Beyond the political challenges there are also practical ones, said Dr. Ezekiel Emanuel, chair of the Department of Medical Ethics and Health Policy at the University of Pennsylvania and a former health policy adviser in the Obama administration. If policymakers simply reduced the eligibility age to 60, for example, “a lot of businesses would start sending their 60-year-old [employees] to Medicare and take the savings,” leading to a huge increase in costs for the program.

On the other hand, if individuals were able to buy into Medicare before age 65, even with subsidies it would probably be expensive to do so, Emanuel said. Those who would opt to buy in would likely be people with expensive health conditions like you who really need good coverage, a phenomenon called “adverse selection” that would make the program even more costly.

There is one possibility that could result in some sort of expanded Medicare in the longer term, Emanuel said. If the Republican Congress and Trump repeal Obamacare, millions of people may lose their health insurance. If that happens and current Republican proposals — state high-risk pools, for example, to provide coverage for people with expensive conditions — prove inadequate to the task, “there’s going to be a lot of pressure to do something,” he said.

I am 69 and have had Medicare Parts A and B since I turned 65. I also have a Medicare supplemental plan. I have recently been hired again and plan to take my employer’s insurance for 2017, and I will drop my supplemental plan and Medicare Part B because I won’t need them. When I start Medicare Part B again, will there be a penalty for stopping and then starting again?

In your case, you likely won’t be penalized, said David Lipschutz, senior policy attorney at the Center for Medicare Advocacy. As long as you’re actively employed and work for an employer with at least 20 employees, Medicare will consider your employer coverage your primary insurance and won’t penalize you for dropping and then re-enrolling in Part B, the medical insurance part of the program.

As you seem to be aware, the late-enrollment premium penalty for Medicare Part B can be hefty: 10 percent for every 12-month period when you could have signed up for Part B but didn’t.

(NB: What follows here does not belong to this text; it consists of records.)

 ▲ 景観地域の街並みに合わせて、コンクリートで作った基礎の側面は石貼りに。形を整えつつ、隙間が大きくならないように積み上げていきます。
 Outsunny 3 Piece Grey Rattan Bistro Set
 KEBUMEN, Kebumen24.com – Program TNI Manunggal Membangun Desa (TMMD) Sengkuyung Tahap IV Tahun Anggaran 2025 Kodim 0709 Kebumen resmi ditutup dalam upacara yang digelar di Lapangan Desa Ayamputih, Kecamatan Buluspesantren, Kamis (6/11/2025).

Where people sometimes get tripped up is when they retire from a job and retain their employer coverage, Lipschutz said. Because they’re now retired and their coverage isn’t tied to their active employment, Medicare considers their employer insurance secondary to their Medicare coverage and will penalize people who don’t sign up for Part B when they become eligible.

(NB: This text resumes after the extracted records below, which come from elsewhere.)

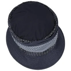 So erweist sich das Modell als praktischer Begleiter für Outdooraktivitäten an grauen Übergangstagen. Optisch überzeugt der in Italien hergestellte Stoffhut mit seinem auffällig breiten, in Falten gelegten Garniturband. Hier zeigt jede Stoffschicht ein anderes zweifarbiges Muster.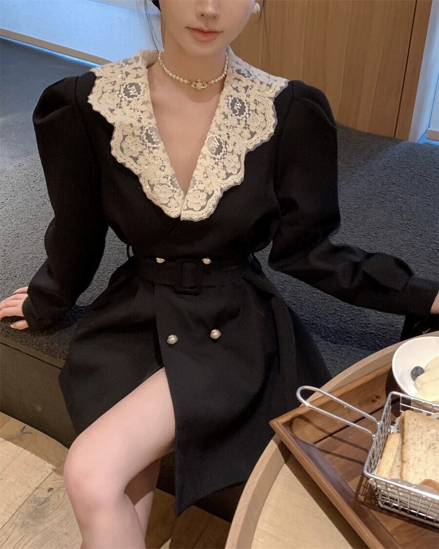 ヘップバーンスタイルのフレンチドレスの女性の秋と冬のハイエンドブラックレース V ネックウエストダブルブレストスーツのスカート オータム 秋物 ウィンター 冬物 Vネック nana19752496385 | modepoisson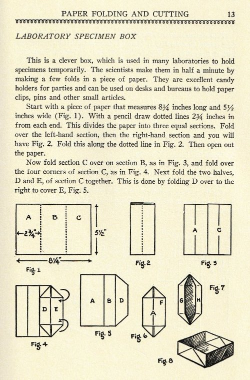 'Papercraft: How to make toys, favors and useful articles' by Joseph Leeming was published by Lipincott in Philadelphia in 1949. It is, as the title suggests, a work of mixed papercraft designs of many types. Those that include some substantive element of paperfolding are shown in the Analysis below. ********** This work is mentioned in Gershon Legman's 'Bibliography of Paperfolding' which was published in 1952.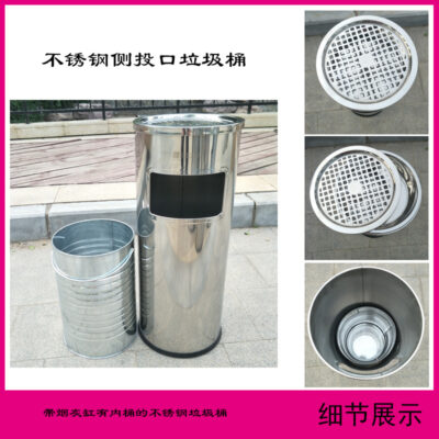 Thùng rác bằng thép không gỉ ngoài trời với thùng bên trong trung tâm mua sắm trong nhà hộp vỏ công nghiệp lật nhà sản xuất thùng rác phong cách Hồng Kông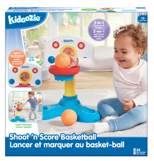 Height adjustable toddler basketball set. Can be adjusted 17"-19" inches tall to grow with your child. Motion detector sense every time a basketball is scored with light and sounds action. Includes 2 mini basketballs which can be stored on the base. Requires 3 AAA batteries not included.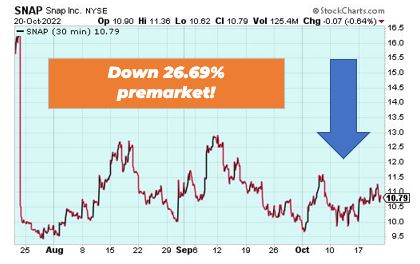 SNAP is down 26.69% premarket after its latest quarterly earnings report. Advertising slowdown and Apple privacy changes were among the culprits for a fifth straight quarterly deceleration. Average revenue per user came in at $3.11 vs. $3.17 estimate. SNAP’s crash also dragged down Meta, Google and Pinterest as those stocks are also exposed to the online ad market.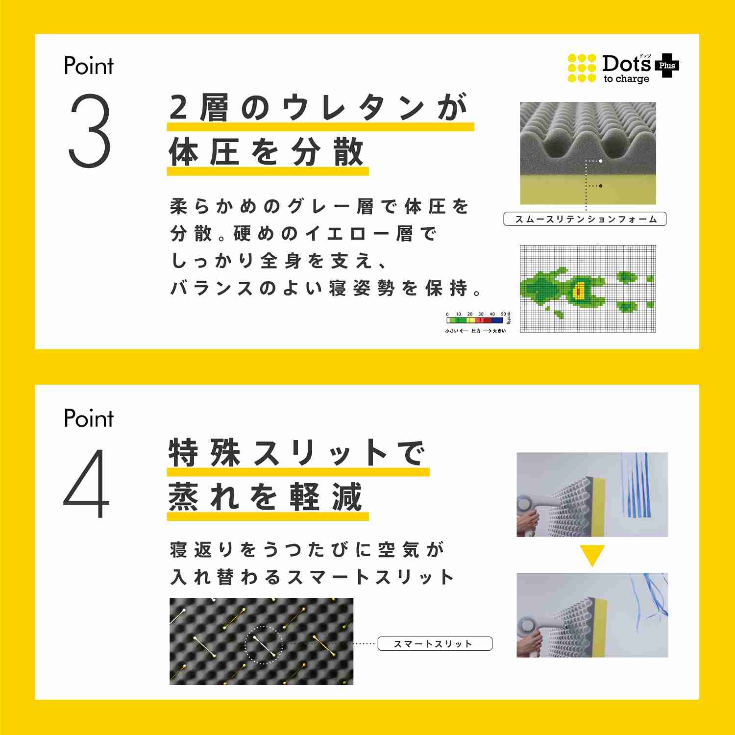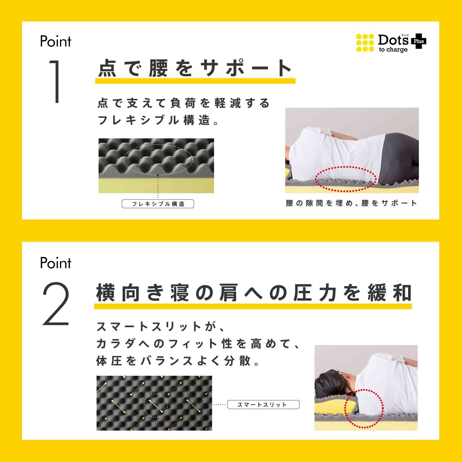 柔らかめのグレー層で体圧を分散。硬めのイエロー層でしっかり全身を支え、 バランスのよい寝姿勢を保持。

Although you shouldn’t have any trouble re-enrolling in Part B when you leave your job, your Medicare supplemental plan, often called a Medigap plan, may be a different story. When you turn 65 and enroll in Part B, you are guaranteed the right to buy any Medigap plan in your state. But after that initial six-month enrollment window, insurers can evaluate your health and decide whether to offer you a plan.

That would apply to you when you return to the Medicare market. Some states provide additional rights to buy a Medigap plan; it’s worth checking to see if yours is one of them.

Kaiser Health News is an editorially independent news service that is part of the nonpartisan Henry J. Kaiser Family Foundation. Michelle Andrews is on Twitter: @mandrews110.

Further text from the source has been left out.